Ci si mette però di mezzo l’amore: Henri incontra per caso Margaret e, invaghitosene, scopre di non voler più morire. Disdire il contratto sarebbe facile, se non fosse che, quando vi si reca il giorno dopo essere scampato ad un primo assalto del killer, l’Honolulu Bar è completamente raso al suolo e dei suoi avventori non c’è neanche l’ombra…

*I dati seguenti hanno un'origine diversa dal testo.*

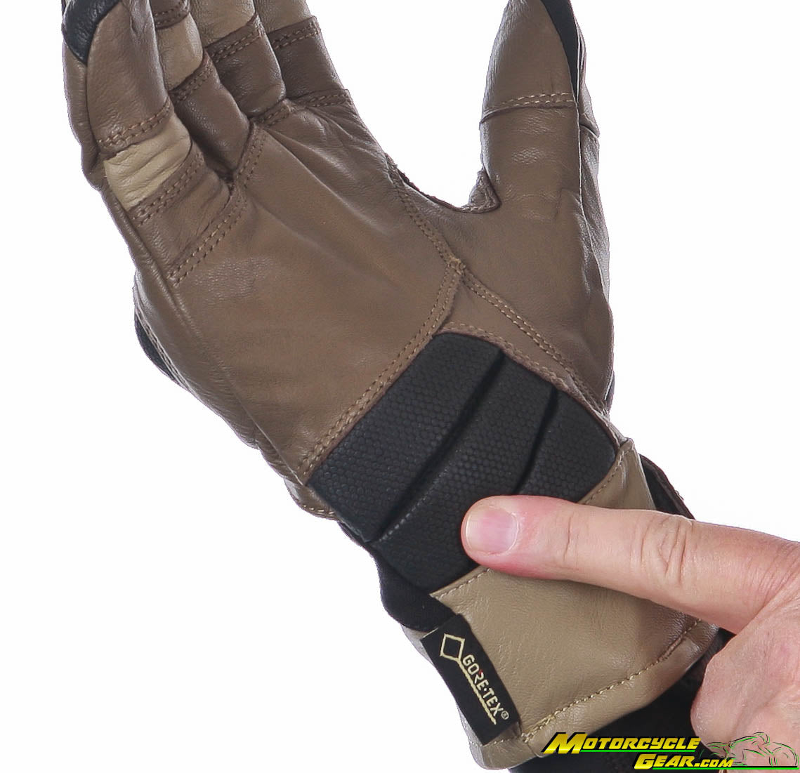 This is a solid leather construction glove (without venting), and it is also made waterproof with Gore Tex’s premium Gore Grip technology. The Gore Tex waterproof liner is fused to the back side of the leather rather than being a separate layer in the glove. That means the glove is less bulky and also has a better feel and “grip” because there isn’t an additional layer to slip and slide between your hand and the controls (hence the “grip” in the name). Being solid leather gloves without insulation, the best temps for use will be moderate.

Dopo la “trilogia operaia” di Ombre nel paradiso (1986), Ariel (1988) e La fiammiferaia (1989), il bizzarro road-movie musicale di Leningrad Cowboys Go America (1989) e Amleto si mette in affari (1987), rilettura della tragedia shakesperiana in chiave anticapitalista, Aki Kaurismäki firma, con Ho affittato un killer (1990), un’opera in cui l’elemento comico “puro” ha un peso specifico maggiore. Per stessa ammissione del finlandese, la pellicola è ispirata alle commedie nere britanniche degli Ealing Studios, e a film come L’ultima vacanza (Henry Cass, 1950), La signora omicidi (Alexander Mackendrick, 1955) e Casco d’oro (Jacques Becker, 1952), per non parlare poi della dedica iniziale a Michael Powell. Il risultato è una piéce straniata e surreale, caratterizzata da dialoghi ridotti all’osso e movimenti di macchina essenziali. Un film, insomma, che reca l’indelebile marchio di Kaurismäki, cineasta dei tempi dilatati, delle ellissi, dei silenzi, il cui minimalismo confina con una sorta di pudore della messinscena e delle emozioni. Henri, Margaret e il killer (malato terminale di cancro, ma non per questo intenzionato a venir meno al suo dovere) sono le tipiche figure “ai margini” care al finlandese, personaggi umili, sradicati (Henri è un immigrato e la sua parlata ha un marcato accento francese), colti in scenari quasi hopperiani di muta desolazione (gli interni sguarniti, poveri, malamente illuminati da luci giallastre) o immersi in paesaggi urbani post-atomici. A tal proposito, la Londra di macerie ritratta dal regista potrebbe essere una qualsiasi città europea, dato il rifiuto sistematico di fornire allo spettatore immagini in qualche modo caratterizzanti (il Big Bang, le guardie reali, Buckingam Palace ecc.). L’ambientazione, apparentemente retrò ma in realtà a-temporale, assume dunque una valenza simbolica e conferisce una sorta di universalità alla parabola tragicomica di questi tre relitti, animati, come le altre figure kaurismäkiane, da una dignità e un candore che permette loro di elevarsi al di sopra dello squallido materialismo della società capitalista.
Ho affittato un killer non è forse il capolavoro assoluto di Kaurismäki (titolo che spetta probabilmente a L’uomo senza passato, 2002), ma è comunque uno dei suoi film più riusciti, un marchingegno cinematografico perfetto, in cui il tipico umorismo raggelato del regista nordeuropeo si fonde alla perfezione con l’elemento thrilling e quello drammatico, generando un mix dall’innegabile sagacia.